Innovación

Cuando los científicos se abren a la metodología ‘lean start-up’

Cuando Subra Suresh fue nombrado para dirigir la Fundación Nacional de Ciencia de Estados Unidos (NSF, por sus siglas en inglés) en 2010, observó que muchos de los descubrimientos revolucionarios desarrollados gracias a la financiación de la agencia no llegaban el mercado. Suresh intentó entonces promover mejores vínculos entre el Gobierno y la industria.

No se trataba, por supuesto, de una idea totalmente nueva. Ha habido muchos intentos de este tipo, desde la Ley Bayh-Dole de 1980, hasta numerosas iniciativas dirigidas a modernizar las oficinas de transferencia tecnológica dentro de las agencias gubernamentales.
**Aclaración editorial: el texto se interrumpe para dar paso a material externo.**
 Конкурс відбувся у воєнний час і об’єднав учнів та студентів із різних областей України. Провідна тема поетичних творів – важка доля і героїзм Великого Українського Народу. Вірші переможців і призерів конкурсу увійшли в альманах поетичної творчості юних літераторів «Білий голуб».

Sin embargo, nada parecía realmente capaz de acelerar la salida de nuevos avances del laboratorio y su llegada al mercado.
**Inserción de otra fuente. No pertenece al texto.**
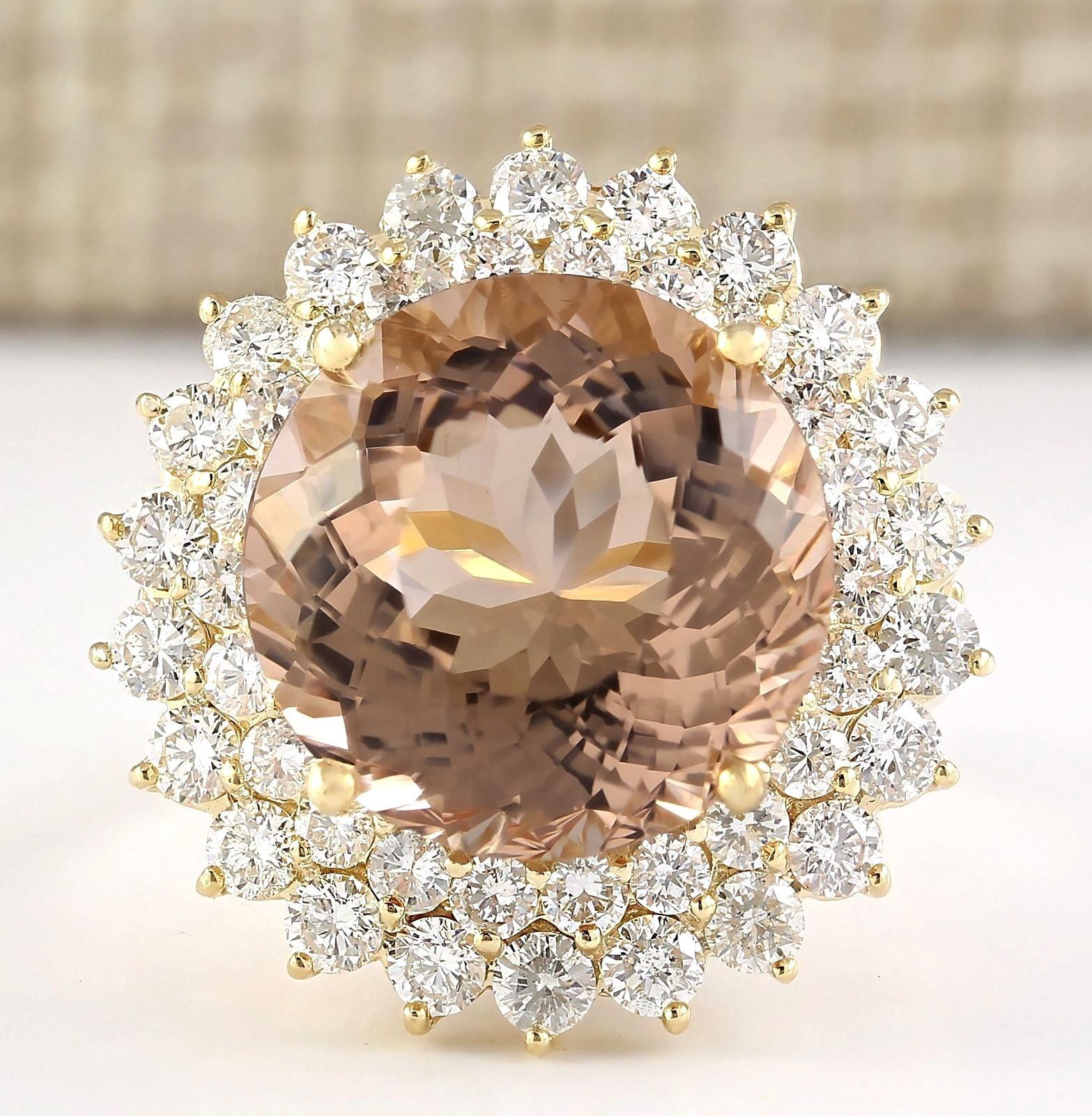 11.51 CTW Natural Morganite And Diamond Ring In 18K Solid Yellow Gold

Suresh y su equipo decidieron que, en lugar de reorganizar el funcionamiento interno de la NSF, ayudarían a los científicos a que se convirtieran ellos mismo en emprendedores. Buscaban aplicar un modelo que ya había hecho maravillas en Silicon Valley (EE. UU.). ¿El resultado? Un programa llamado I-Corps que aún ayuda a cientos de científicos a convertirse en emprendedores de éxito.

Una idea toma forma

Errol Arkilic siempre supo que quería ser emprendedor, pero siguió un camino poco convencional hasta crear sus propias empresas. En lugar de lanzar una start-up desde su garaje, obtuvo un doctorado en el emergente campo de sistemas microelectromecánicos por el Instituto Tecnológico de Massachusetts (MIT, EE. UU.). Después, dedicó seis años a fundar empresas en Silicon Valley antes de unirse a la NSF cuando Suresh le pidió dirigir I-Corps. Arkilic apreció inmediatamente que tendrían que hacer cambios en la visión inicial del programa.

“La idea original consistía en juntar académicos y profesionales de la industria en una sala, y después ‘se produciría la magia’. Nunca pensé que fuera a funcionar”, me dijo. “Tenía un asiento de primera fila en más de 400 proyectos de comercialización, y la causa común del fracaso era que la gente estaba creando soluciones para problemas que a nadie le importaban. Eso era lo que teníamos que cambiar”.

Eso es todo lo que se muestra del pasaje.